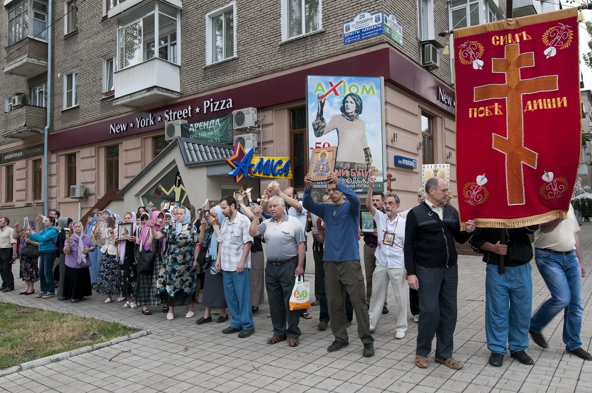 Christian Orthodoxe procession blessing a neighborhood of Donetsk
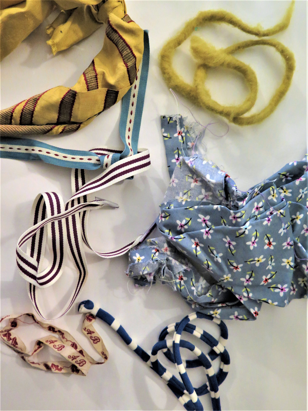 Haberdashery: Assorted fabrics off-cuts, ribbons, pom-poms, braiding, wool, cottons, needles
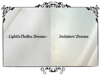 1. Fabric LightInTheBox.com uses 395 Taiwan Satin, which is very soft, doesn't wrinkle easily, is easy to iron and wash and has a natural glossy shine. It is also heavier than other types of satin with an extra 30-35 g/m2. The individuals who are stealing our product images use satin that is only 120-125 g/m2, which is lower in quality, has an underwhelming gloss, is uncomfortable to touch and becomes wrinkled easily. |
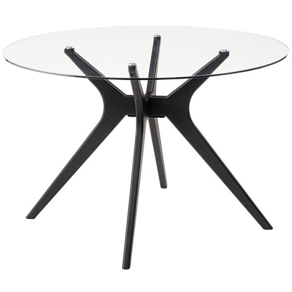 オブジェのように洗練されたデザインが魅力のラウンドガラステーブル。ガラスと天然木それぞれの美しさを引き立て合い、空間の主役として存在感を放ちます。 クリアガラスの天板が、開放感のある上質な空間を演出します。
*****
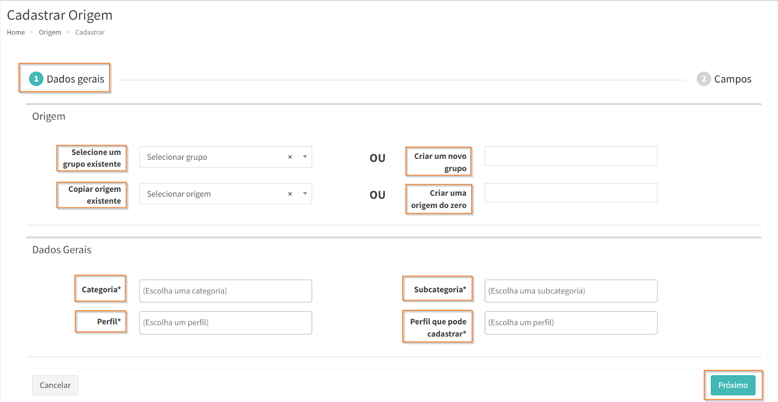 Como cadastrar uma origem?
*****
Task
Working from the entries above, please transcribe only the lines from the line with "Haberdashery: Assorted fabrics" through the line with "オブジェのように洗練されたデ", exactly, with both end lines and without pictures.

Result
 Haberdashery: Assorted fabrics off-cuts, ribbons, pom-poms, braiding, wool, cottons, needles
 1. Fabric LightInTheBox.com uses 395 Taiwan Satin, which is very soft, doesn't wrinkle easily, is easy to iron and wash and has a natural glossy shine. It is also heavier than other types of satin with an extra 30-35 g/m2. The individuals who are stealing our product images use satin that is only 120-125 g/m2, which is lower in quality, has an underwhelming gloss, is uncomfortable to touch and becomes wrinkled easily. |
 オブジェのように洗練されたデザインが魅力のラウンドガラステーブル。ガラスと天然木それぞれの美しさを引き立て合い、空間の主役として存在感を放ちます。 クリアガラスの天板が、開放感のある上質な空間を演出します。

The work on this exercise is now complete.